-- What this task involves --
Please write out the full listing beneath this line exactly, skipping its images.

-- Given information follows --

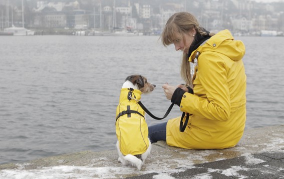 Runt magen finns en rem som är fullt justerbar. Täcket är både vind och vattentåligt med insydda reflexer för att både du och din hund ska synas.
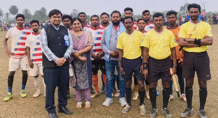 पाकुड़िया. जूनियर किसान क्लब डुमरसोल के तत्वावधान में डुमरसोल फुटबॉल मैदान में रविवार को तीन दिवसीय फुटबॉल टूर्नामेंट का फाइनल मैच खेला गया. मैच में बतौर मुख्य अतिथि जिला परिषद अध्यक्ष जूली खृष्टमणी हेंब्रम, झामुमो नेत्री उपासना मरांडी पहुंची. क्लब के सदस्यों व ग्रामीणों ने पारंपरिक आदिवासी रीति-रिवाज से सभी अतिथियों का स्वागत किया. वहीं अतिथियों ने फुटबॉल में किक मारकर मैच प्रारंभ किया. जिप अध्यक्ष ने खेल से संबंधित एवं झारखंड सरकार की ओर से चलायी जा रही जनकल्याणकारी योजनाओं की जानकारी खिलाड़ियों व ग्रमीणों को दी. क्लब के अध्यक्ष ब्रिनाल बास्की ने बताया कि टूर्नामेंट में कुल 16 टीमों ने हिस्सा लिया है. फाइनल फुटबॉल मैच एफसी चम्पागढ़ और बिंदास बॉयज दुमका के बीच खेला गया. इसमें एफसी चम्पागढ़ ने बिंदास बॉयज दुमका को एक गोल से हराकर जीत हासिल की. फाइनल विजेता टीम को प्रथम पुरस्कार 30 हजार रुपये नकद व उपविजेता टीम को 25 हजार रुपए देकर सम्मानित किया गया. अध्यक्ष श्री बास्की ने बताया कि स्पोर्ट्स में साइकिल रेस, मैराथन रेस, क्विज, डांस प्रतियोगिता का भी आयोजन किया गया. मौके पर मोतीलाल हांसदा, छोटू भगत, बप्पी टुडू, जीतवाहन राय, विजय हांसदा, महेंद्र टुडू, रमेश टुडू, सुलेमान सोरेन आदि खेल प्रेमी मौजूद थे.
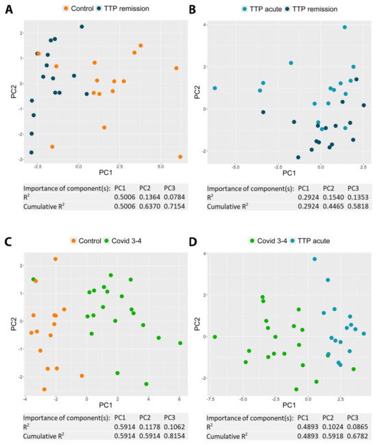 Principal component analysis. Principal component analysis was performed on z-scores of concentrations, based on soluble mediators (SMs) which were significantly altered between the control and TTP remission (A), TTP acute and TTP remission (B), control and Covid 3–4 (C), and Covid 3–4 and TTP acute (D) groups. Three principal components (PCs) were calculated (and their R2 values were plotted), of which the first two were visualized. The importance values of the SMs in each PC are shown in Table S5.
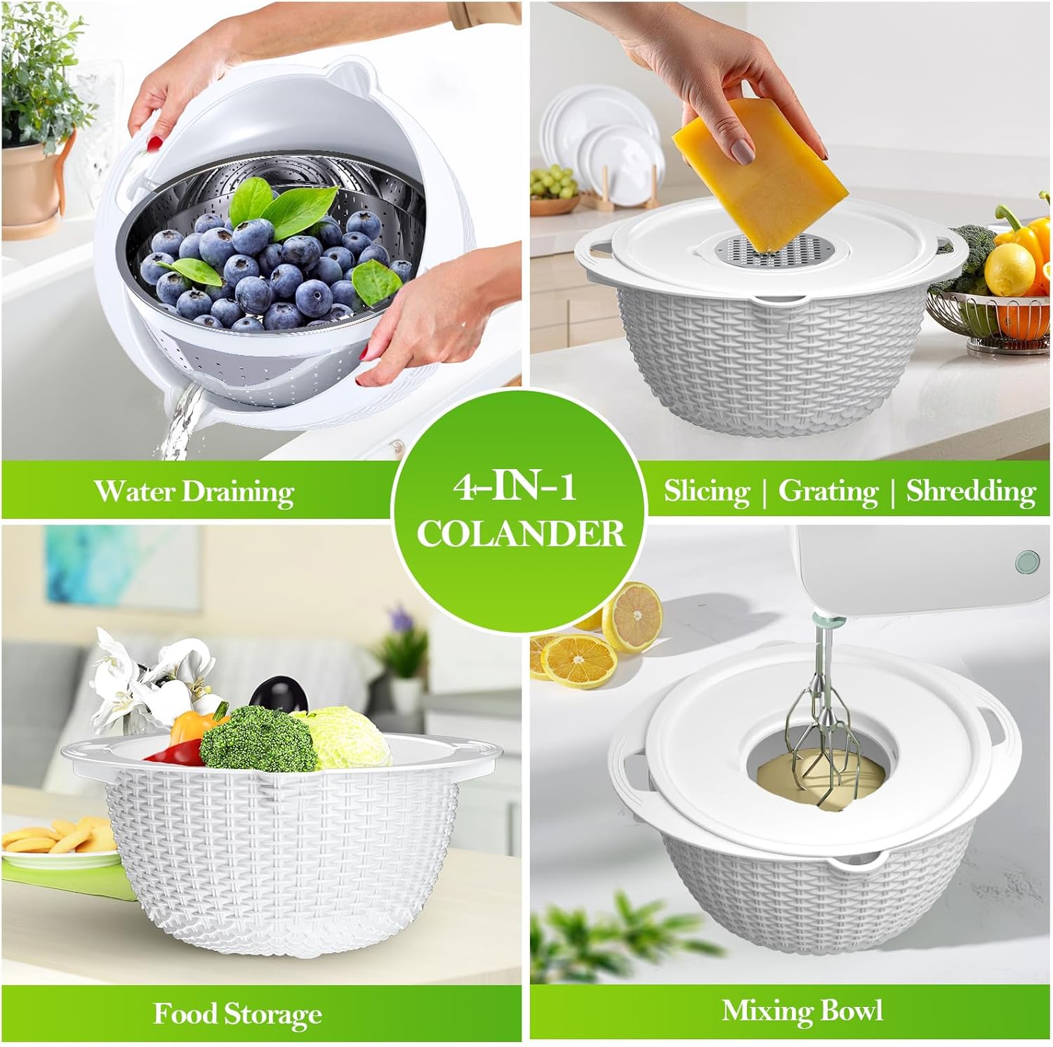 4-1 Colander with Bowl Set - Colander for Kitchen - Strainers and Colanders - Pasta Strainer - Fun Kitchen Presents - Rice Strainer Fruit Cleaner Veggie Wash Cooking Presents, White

-- Given information concluded --

-- Reply --
 Runt magen finns en rem som är fullt justerbar. Täcket är både vind och vattentåligt med insydda reflexer för att både du och din hund ska synas.
 पाकुड़िया. जूनियर किसान क्लब डुमरसोल के तत्वावधान में डुमरसोल फुटबॉल मैदान में रविवार को तीन दिवसीय फुटबॉल टूर्नामेंट का फाइनल मैच खेला गया. मैच में बतौर मुख्य अतिथि जिला परिषद अध्यक्ष जूली खृष्टमणी हेंब्रम, झामुमो नेत्री उपासना मरांडी पहुंची. क्लब के सदस्यों व ग्रामीणों ने पारंपरिक आदिवासी रीति-रिवाज से सभी अतिथियों का स्वागत किया. वहीं अतिथियों ने फुटबॉल में किक मारकर मैच प्रारंभ किया. जिप अध्यक्ष ने खेल से संबंधित एवं झारखंड सरकार की ओर से चलायी जा रही जनकल्याणकारी योजनाओं की जानकारी खिलाड़ियों व ग्रमीणों को दी. क्लब के अध्यक्ष ब्रिनाल बास्की ने बताया कि टूर्नामेंट में कुल 16 टीमों ने हिस्सा लिया है. फाइनल फुटबॉल मैच एफसी चम्पागढ़ और बिंदास बॉयज दुमका के बीच खेला गया. इसमें एफसी चम्पागढ़ ने बिंदास बॉयज दुमका को एक गोल से हराकर जीत हासिल की. फाइनल विजेता टीम को प्रथम पुरस्कार 30 हजार रुपये नकद व उपविजेता टीम को 25 हजार रुपए देकर सम्मानित किया गया. अध्यक्ष श्री बास्की ने बताया कि स्पोर्ट्स में साइकिल रेस, मैराथन रेस, क्विज, डांस प्रतियोगिता का भी आयोजन किया गया. मौके पर मोतीलाल हांसदा, छोटू भगत, बप्पी टुडू, जीतवाहन राय, विजय हांसदा, महेंद्र टुडू, रमेश टुडू, सुलेमान सोरेन आदि खेल प्रेमी मौजूद थे.
 Principal component analysis. Principal component analysis was performed on z-scores of concentrations, based on soluble mediators (SMs) which were significantly altered between the control and TTP remission (A), TTP acute and TTP remission (B), control and Covid 3–4 (C), and Covid 3–4 and TTP acute (D) groups. Three principal components (PCs) were calculated (and their R2 values were plotted), of which the first two were visualized. The importance values of the SMs in each PC are shown in Table S5.
 4-1 Colander with Bowl Set - Colander for Kitchen - Strainers and Colanders - Pasta Strainer - Fun Kitchen Presents - Rice Strainer Fruit Cleaner Veggie Wash Cooking Presents, White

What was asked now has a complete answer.